The z10 System will enable the Dischiaves to build and “hand out” virtual machines to students so that the students can become familiar with building and processing large-scale data sets. “Basically, each student can have their own mainframe to work on, and we can mirror the large-scale systems that many big employers have,” Dischiave said. “Now, our students will have worked within these environments before they graduate and will be better prepared for the workplace. They will have access to a whole new classification of tools in their toolkit to solve modern computing and information management problems for organizations.”

The system will enable the Dischiaves to also teach students how to virtualize many small computers within one large-scale system and thereby reduce energy costs and save on physical space for an organization.

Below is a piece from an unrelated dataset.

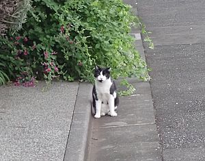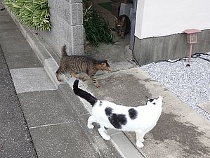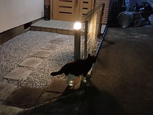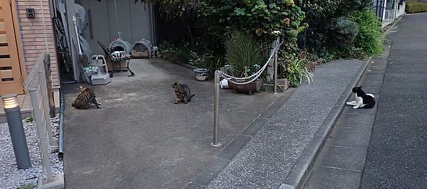 夕方になって支援物資を持ってばあちゃんと猫の様子を見に行く。お友達の家の前にカウ君とファントム君がいた。ファントム君が消えたと思ったらもう移動していた。

The Dischiaves have already revamped their courses for this fall and included lab exercises that employ the new z10. IBM has also offered a “sanitized” Medicare claims database to serve as a sample data set for students to access in their courses. Until now, the Dischiaves have made up problems and data for their students to use, but David Dischiave said, “There’s no substitute for real problems and real data to teach students about the system.”

The duo will also be responsible for connecting SU researchers to this powerful campus resource. Researchers will be allowed to import their data sets into the system, which will be able to process the data at a rate faster than any resource currently available to them.

“This is a tremendous investment,” Susan Dischiave said. “We feel so fortunate to be able to expose our students to IBM’s latest and smartest computing system.”